─── DATA EXCERPT

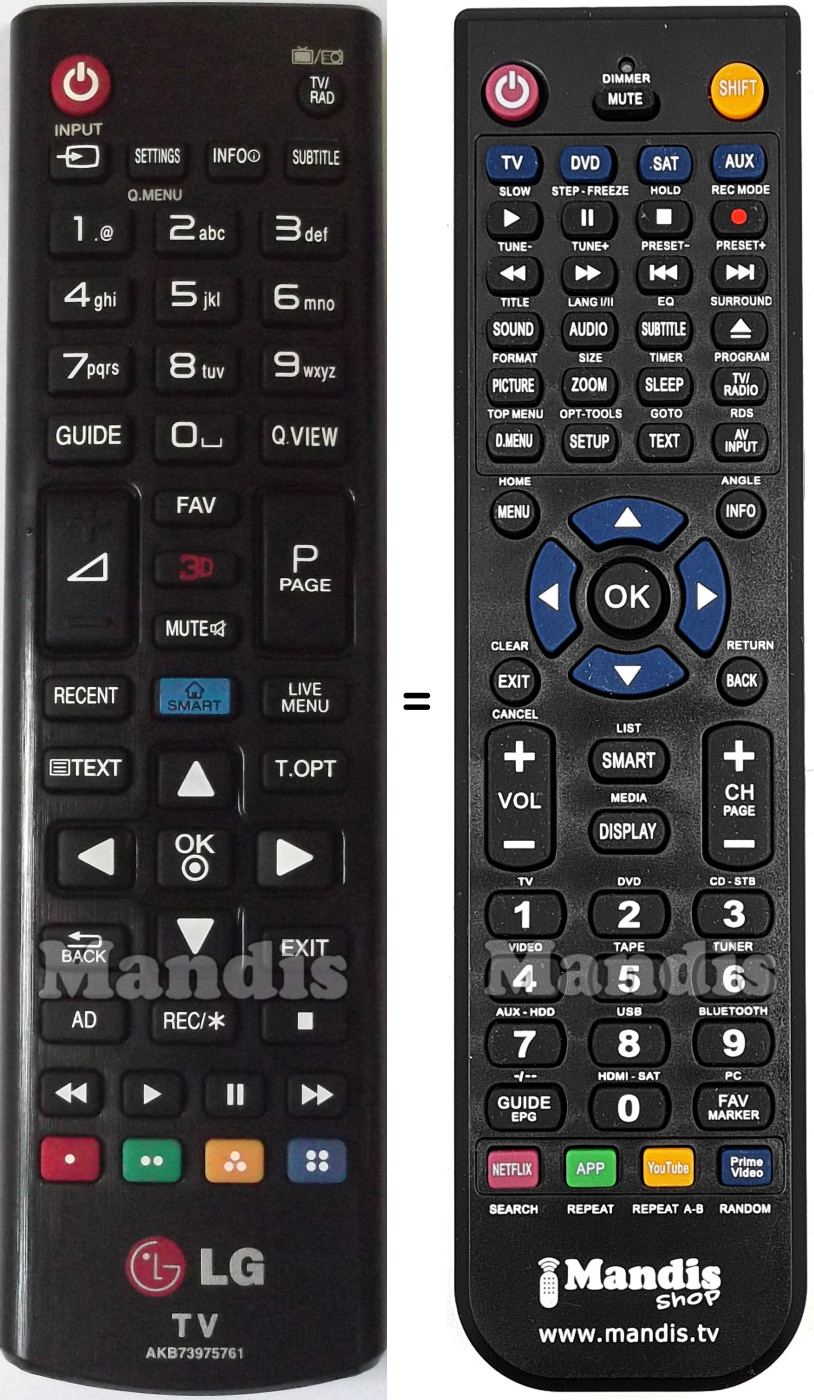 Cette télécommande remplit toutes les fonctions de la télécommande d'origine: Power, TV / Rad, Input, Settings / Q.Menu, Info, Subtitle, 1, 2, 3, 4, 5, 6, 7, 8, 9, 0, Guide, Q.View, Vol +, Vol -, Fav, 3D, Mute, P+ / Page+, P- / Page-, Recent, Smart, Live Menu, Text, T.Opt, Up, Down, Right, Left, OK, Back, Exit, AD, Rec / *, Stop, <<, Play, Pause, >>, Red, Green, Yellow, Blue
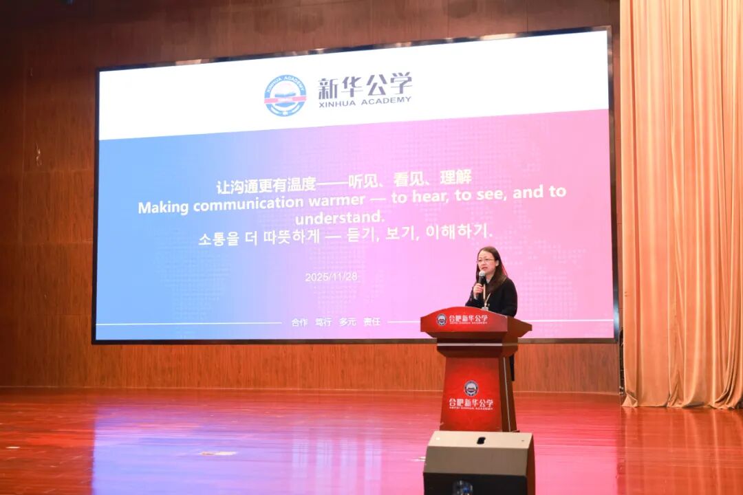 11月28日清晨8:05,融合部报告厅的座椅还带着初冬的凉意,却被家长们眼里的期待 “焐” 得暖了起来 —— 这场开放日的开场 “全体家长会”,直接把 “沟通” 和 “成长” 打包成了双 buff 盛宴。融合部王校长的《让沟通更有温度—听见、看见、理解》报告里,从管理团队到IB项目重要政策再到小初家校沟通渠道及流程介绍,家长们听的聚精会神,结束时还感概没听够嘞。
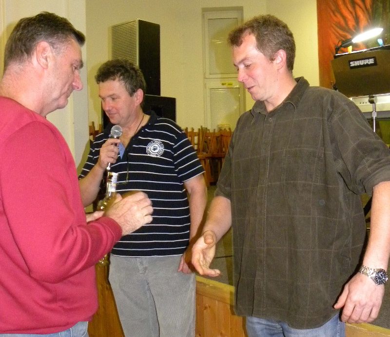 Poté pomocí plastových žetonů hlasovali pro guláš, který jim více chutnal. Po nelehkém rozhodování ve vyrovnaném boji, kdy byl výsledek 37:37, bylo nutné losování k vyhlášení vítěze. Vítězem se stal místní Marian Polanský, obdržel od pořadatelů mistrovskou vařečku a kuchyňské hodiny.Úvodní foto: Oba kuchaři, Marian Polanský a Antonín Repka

──────

- WHAT TO WORK ON
What is needed is an exact copy of the lines from the beginning of the data through the line containing "得暖了起来 —— 这场开放日的开场", both included, without any pictures.

- WRITTEN REPLY
 Cette télécommande remplit toutes les fonctions de la télécommande d'origine: Power, TV / Rad, Input, Settings / Q.Menu, Info, Subtitle, 1, 2, 3, 4, 5, 6, 7, 8, 9, 0, Guide, Q.View, Vol +, Vol -, Fav, 3D, Mute, P+ / Page+, P- / Page-, Recent, Smart, Live Menu, Text, T.Opt, Up, Down, Right, Left, OK, Back, Exit, AD, Rec / *, Stop, <<, Play, Pause, >>, Red, Green, Yellow, Blue
 11月28日清晨8:05,融合部报告厅的座椅还带着初冬的凉意,却被家长们眼里的期待 “焐” 得暖了起来 —— 这场开放日的开场 “全体家长会”,直接把 “沟通” 和 “成长” 打包成了双 buff 盛宴。融合部王校长的《让沟通更有温度—听见、看见、理解》报告里,从管理团队到IB项目重要政策再到小初家校沟通渠道及流程介绍,家长们听的聚精会神,结束时还感概没听够嘞。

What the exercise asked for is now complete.